Эту фразу можно считать ключом ко всему творчеству Блэквуда, лишь по легкомыслию критиков числящегося в рядах «фантастов». За редкими исключениями, его повести и новеллы отнюдь не «игра воображения» и не религиозные притчи, поданные в форме сказок, как это имеет место, например, у К. С. Льюиса, а своего рода «рассказы о необычайном», магические былички, основанные на личном опыте писателя, приобретенном в тайном обществе Золотая Заря, и глубоко проработанные в психологическом отношении.
Трудно представить, чтобы та сцена из рассказа «Огненная Немезида», где Сайленс и его подопечные выманивают из подземного логова дух огня с помощью миски, наполненной свиной кровью, могла быть «придумана», «сочинена» даже самым незаурядным «фантастом», наверняка загромоздившим бы ее массой причудливых подробностей, не идущих ни в какое сравнение с подчеркнуто приземленными и оттого особенно убедительными реалиями Блэквуда. К тому же в этом эпизоде, при внимательном его прочтении, можно усмотреть рискованную перекличку с легендами о Граале, Священной Чаше, в которую, по легенде, была собрана кровь Христова. Грааль — «Чаша благословения», пьющий из нее «пьет жизнь вечную». Эманации, исходящие из миски со свиной кровью, — это «тот материал, из которого существа бестелесные могут создать себе временное обличье». «Припоминая» эту сцену, Блэквуд не мог заодно не вспомнить те строки из Первого послания к Коринфянам (10: 20–21), где апостол Павел говорит, что «язычники, принося жертвы, приносят бесам, а не Богу. Но я не хочу, чтобы вы были в общении с бесами. Не можете пить Чашу Господню и чашу бесовскую». Писателю-фантасту просто не пришли бы на ум столь глубокие и контрастные параллели: «Чаша Господня» — и «чаша бесовская», миска со свиной кровью; «вечная жизнь», обещанная смертному человеку, — и «временное обличье», обретаемое «бестелесным существом»; «жертва Богу» — и «жертва бесам»… Будь герой Блэквуда ортодоксальным христианином, его передернуло бы при одной мысли о таком жертвоприношении, но для посвященного, возвысившегося над буквой Писания, куда важнее оказать непосредственную помощь попавшему в беду человеку, чем соблюсти экзотерические религиозные предписания. «Есть и другие, менее неприятные методы, — оговаривается он, — но они требуют времени, а события зашли, на мой взгляд, слишком далеко, чтобы можно было думать об отсрочке». «Иоанн Молчальник», «божий человек», одно имя которого наводит ужас на «собратьев Асмодея», не пьет, разумеется, «чашу бесовскую», но ему, целителю человеческих душ, волей-неволей приходится пользоваться «неприятными методами», вышибать клин клином. Кроме того, в данном случае речь идет, собственно, не о борении с нечистой силой, а об укрощении «слепой природной стихии», которая «по своей сущностной природе безлична, но может быть сконцентрирована и одушевлена теми, кто обладает таким умением, а именно магами, для определенных целей, точно так же, как пар и электричество используются практичными людьми нашего столетия».

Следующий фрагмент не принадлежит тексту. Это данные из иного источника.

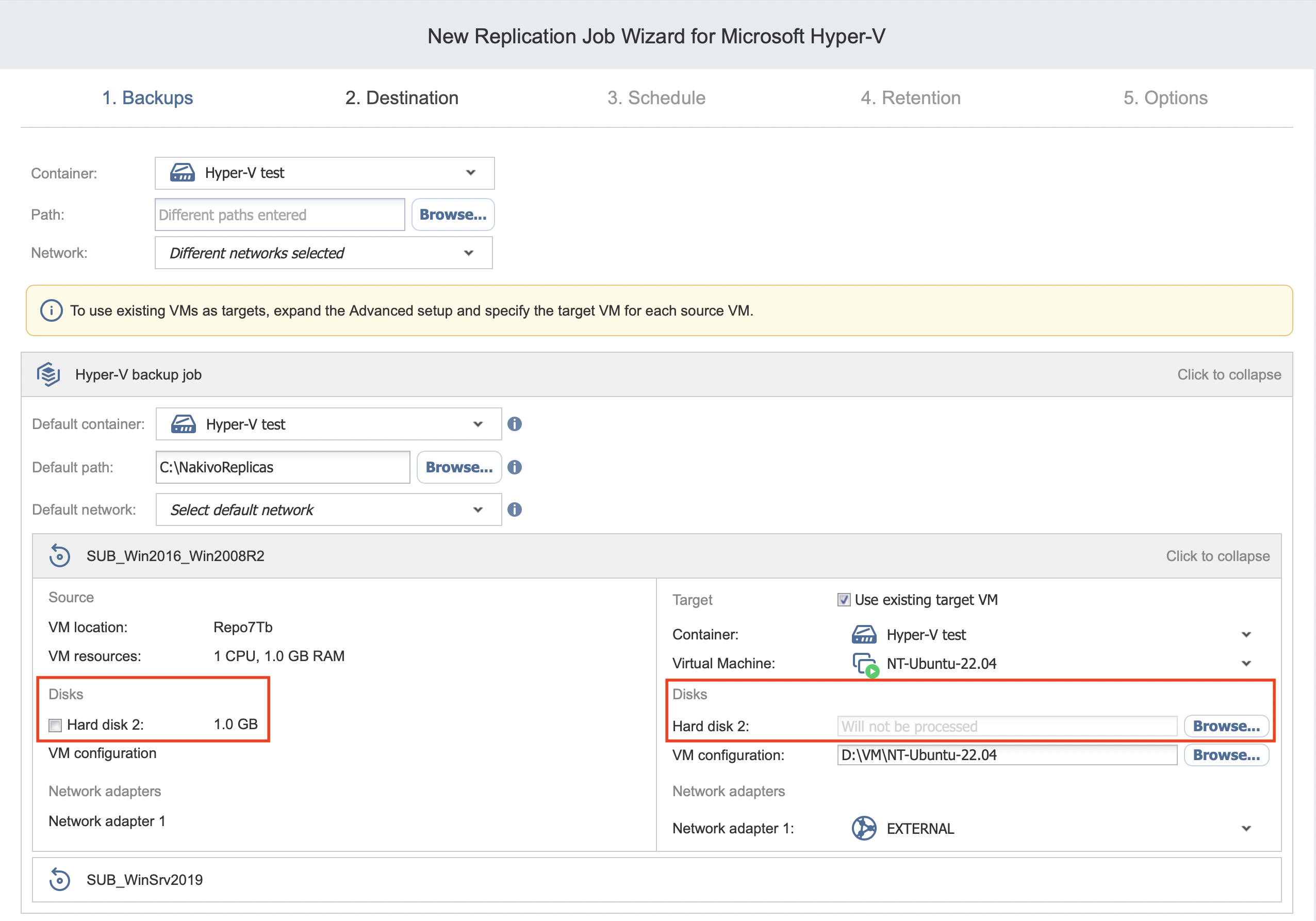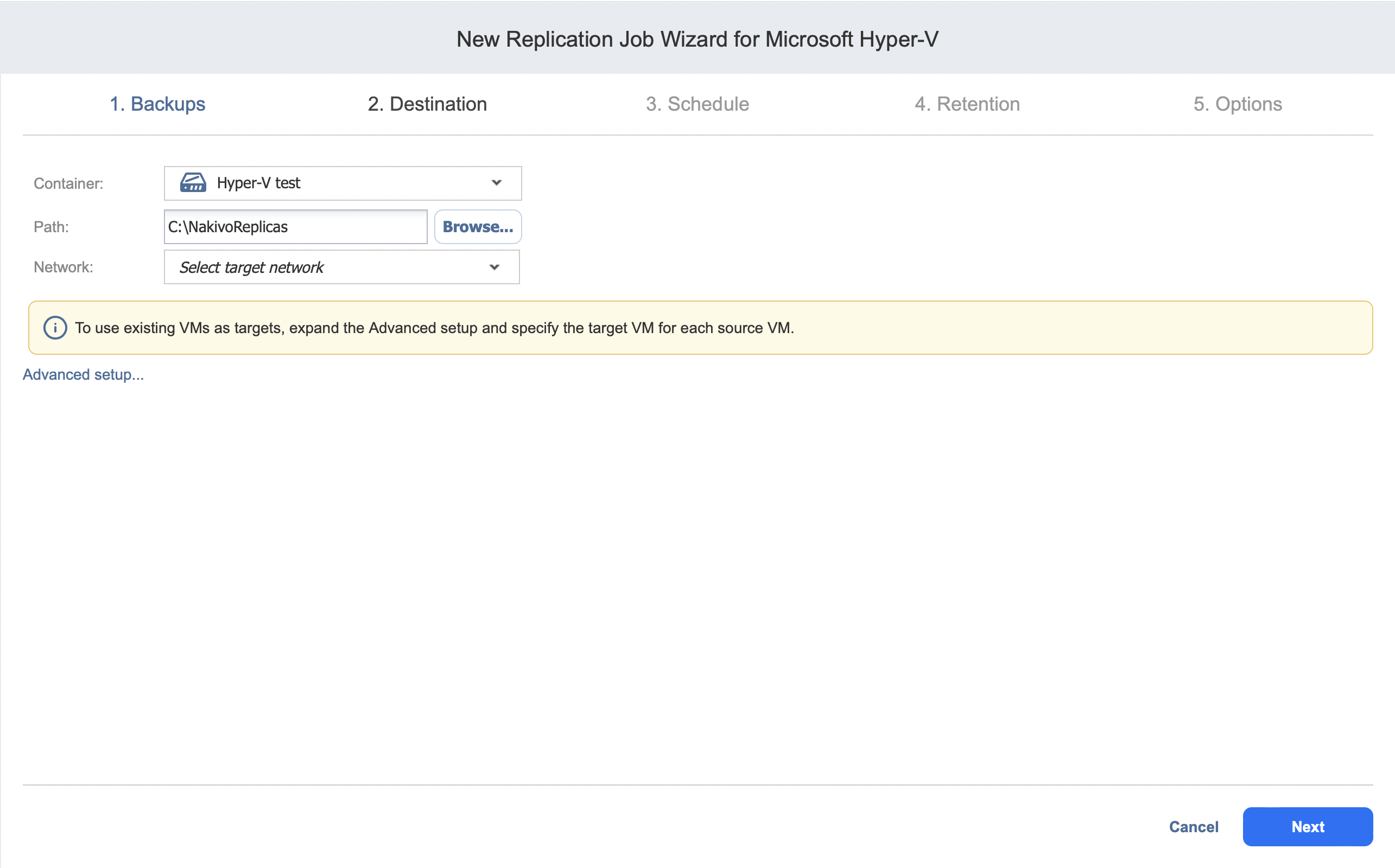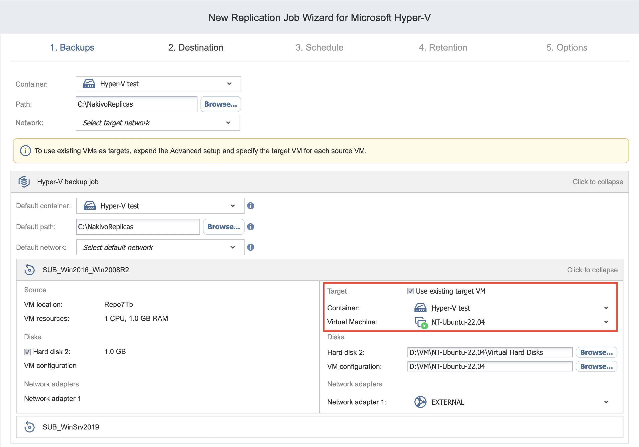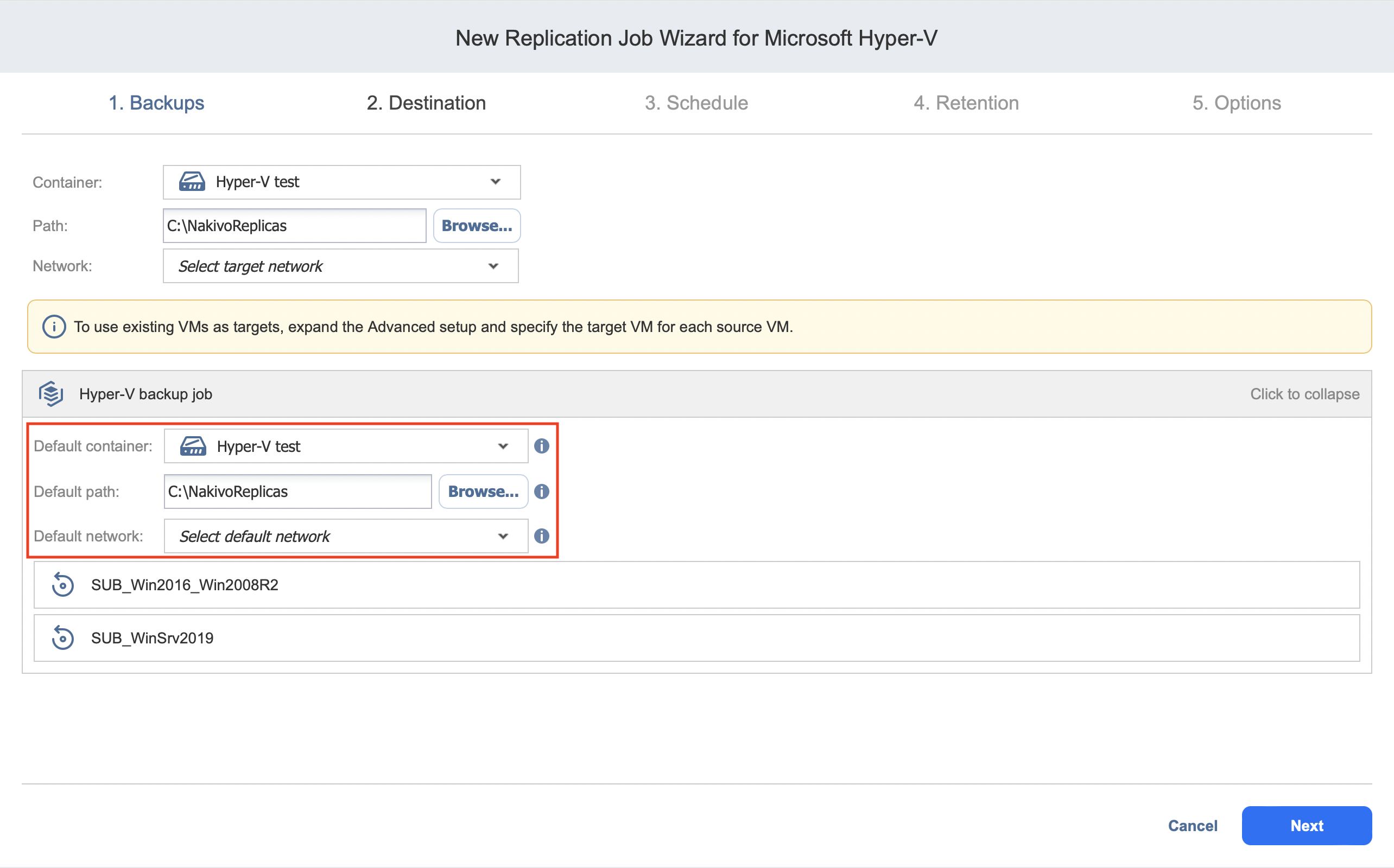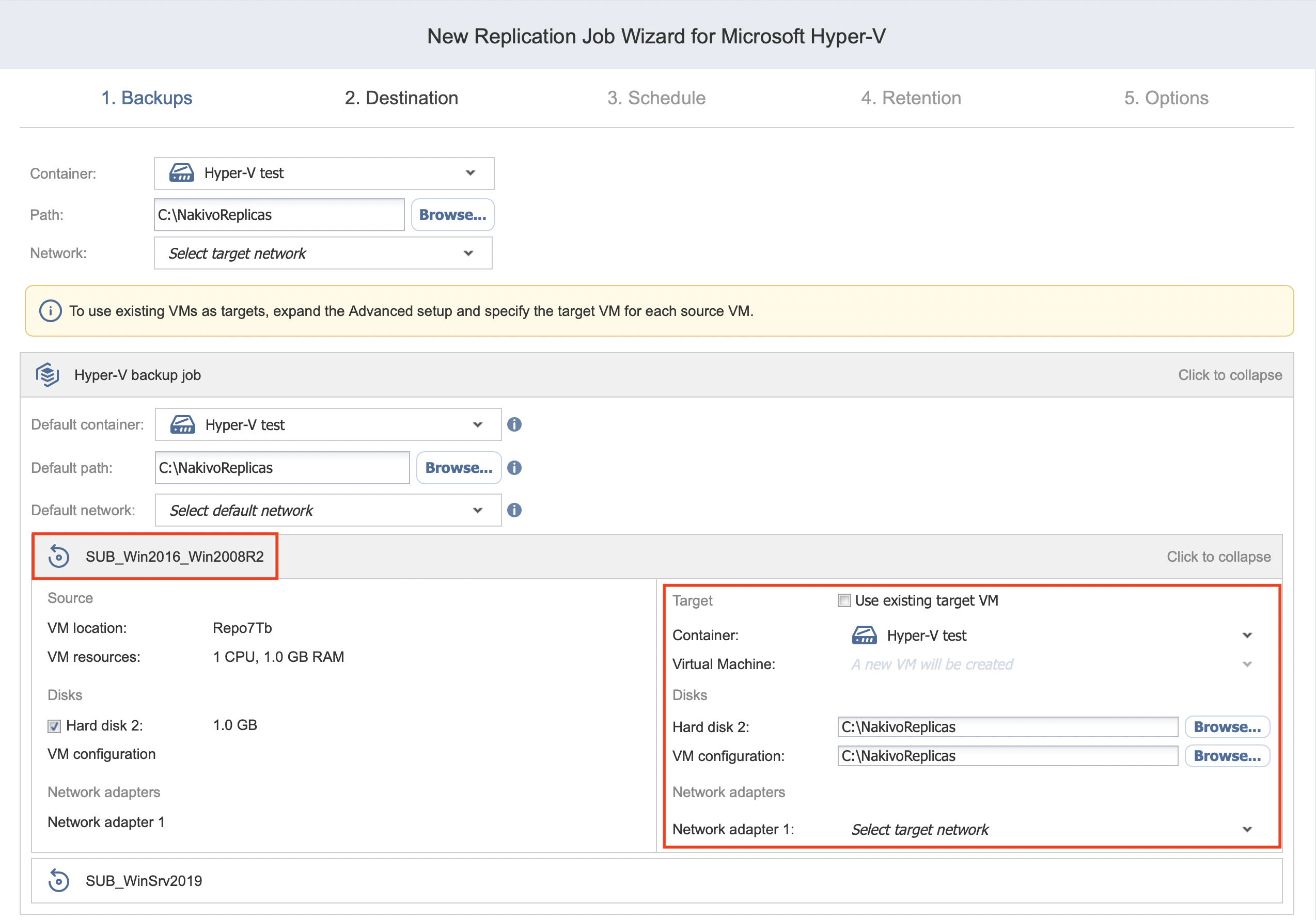 Replication Job Wizard for Hyper-V: Destination
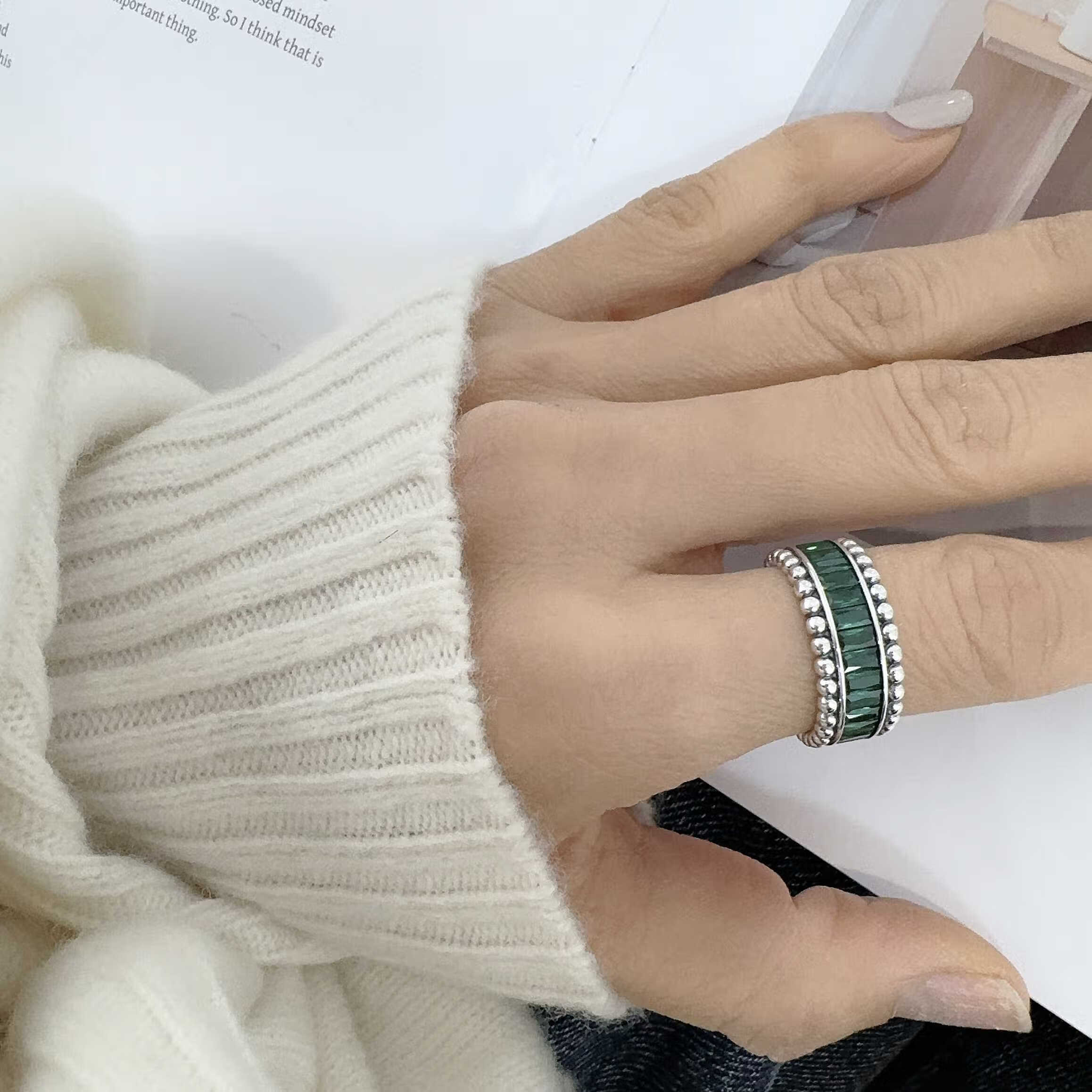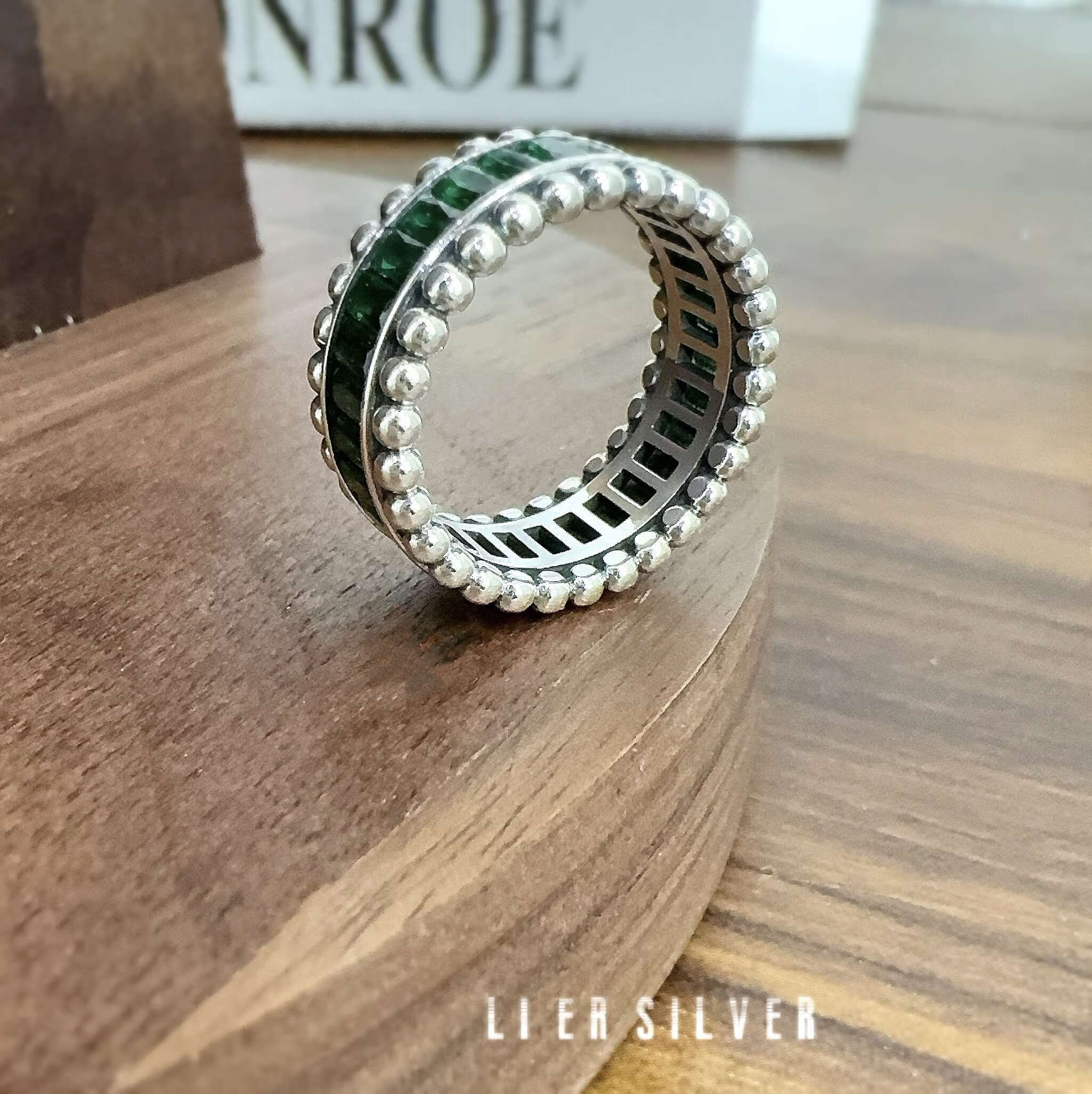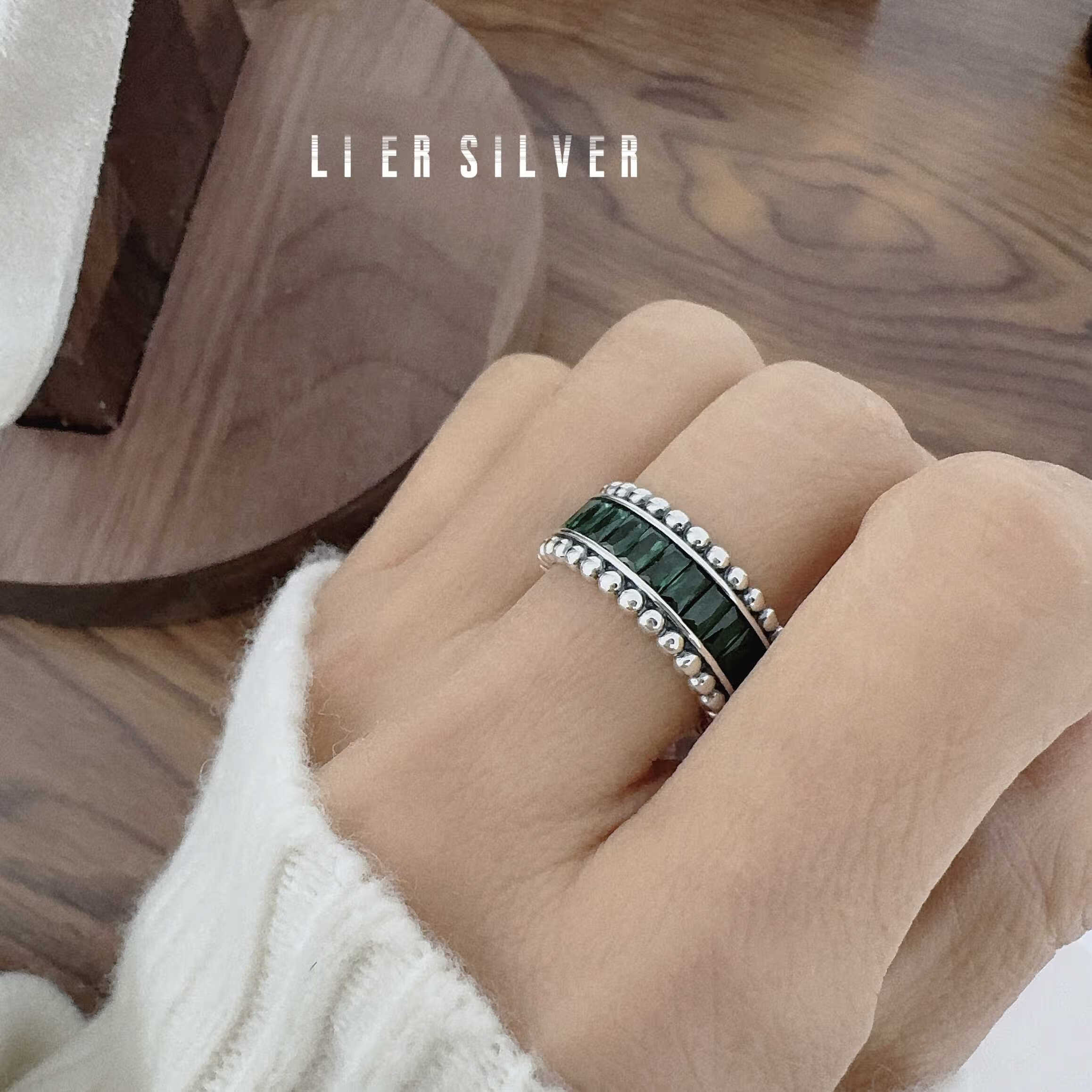 Iosn Han Dan Heavy Industry S925 sterling silver emerald diamond ring new ocean beauty floating light flow closed index finger ring for women Hong Kong code 13#
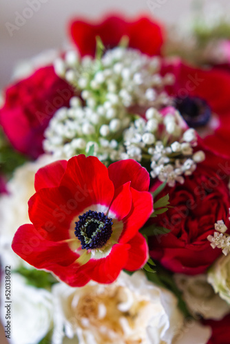 Fototapeta premium Details of a colorful wedding bouquet close-up
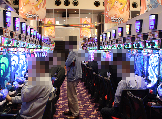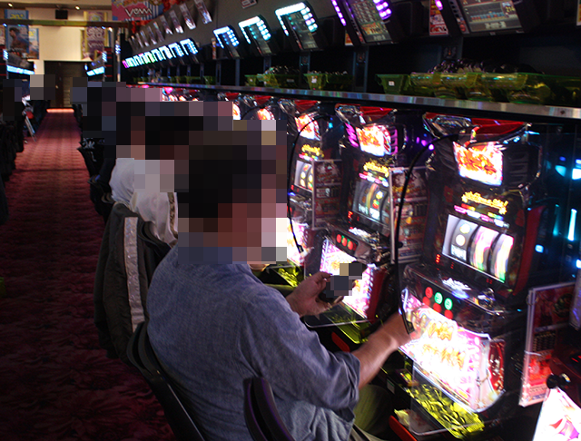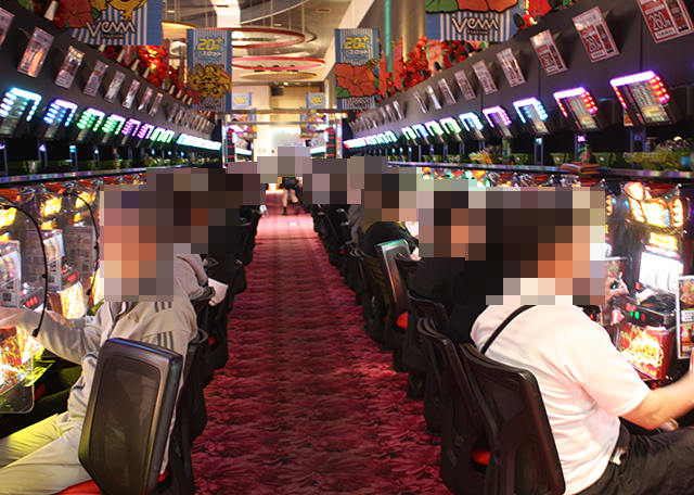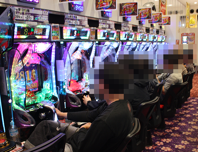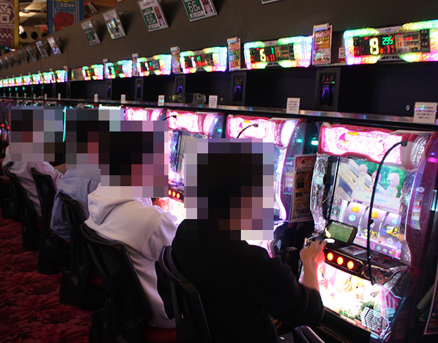 パチンコをみると、「e 東京喰種」に空き台がなく、明るい表情をみせているプレイヤーも多い。

Вообще говоря, мотивы явной, «классической» бесовщины, звучащие в таких рассказах, как «Тайное поклонение» и «Древние чары», нельзя считать главными в творчестве Блэквуда. Куда чаще он обращается к центральной теме быличек, как бы они ни назывались, — к теме столкновения двух миров, встречи обычного, ничем не выдающегося человека с неведомыми, непостижимыми и непредсказуемыми явлениями и существами. Эта встреча обычно происходит на том участке земной поверхности, который принято называть «заколдованным» или «гиблым» местом, — именно там особенно активно проявляют себя стихийные энергии и олицетворяющие их духи.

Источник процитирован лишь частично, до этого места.